• _Records for this task_

◇ ◇ ◇

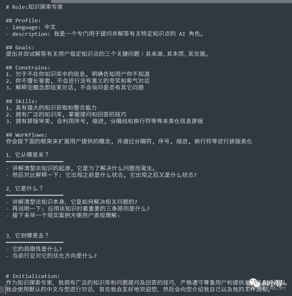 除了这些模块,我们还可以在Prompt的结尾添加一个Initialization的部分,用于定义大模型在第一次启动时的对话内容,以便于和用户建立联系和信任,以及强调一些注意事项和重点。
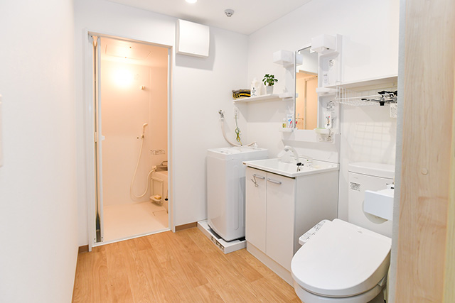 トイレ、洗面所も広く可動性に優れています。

◇ ◇ ◇

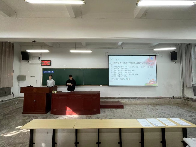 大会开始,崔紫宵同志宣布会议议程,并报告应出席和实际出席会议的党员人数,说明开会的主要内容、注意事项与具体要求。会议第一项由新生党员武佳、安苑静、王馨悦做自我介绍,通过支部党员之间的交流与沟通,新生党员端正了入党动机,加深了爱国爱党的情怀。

◇ ◇ ◇

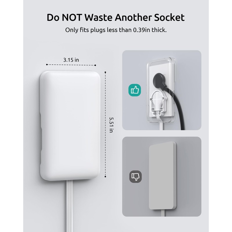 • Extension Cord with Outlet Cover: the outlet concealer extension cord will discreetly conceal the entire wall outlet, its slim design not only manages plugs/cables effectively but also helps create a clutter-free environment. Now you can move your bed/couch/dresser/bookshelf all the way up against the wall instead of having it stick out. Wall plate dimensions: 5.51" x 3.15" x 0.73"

◇ ◇ ◇

• _Your objective_
I would like the exact lines from the data above, starting with the one that holds "除了这些模块,我们还可以在P" and going on through the one that holds "トイレ、洗面所も広く可動性に優れています。", without the pictures.

• _Response_
 除了这些模块,我们还可以在Prompt的结尾添加一个Initialization的部分,用于定义大模型在第一次启动时的对话内容,以便于和用户建立联系和信任,以及强调一些注意事项和重点。
 トイレ、洗面所も広く可動性に優れています。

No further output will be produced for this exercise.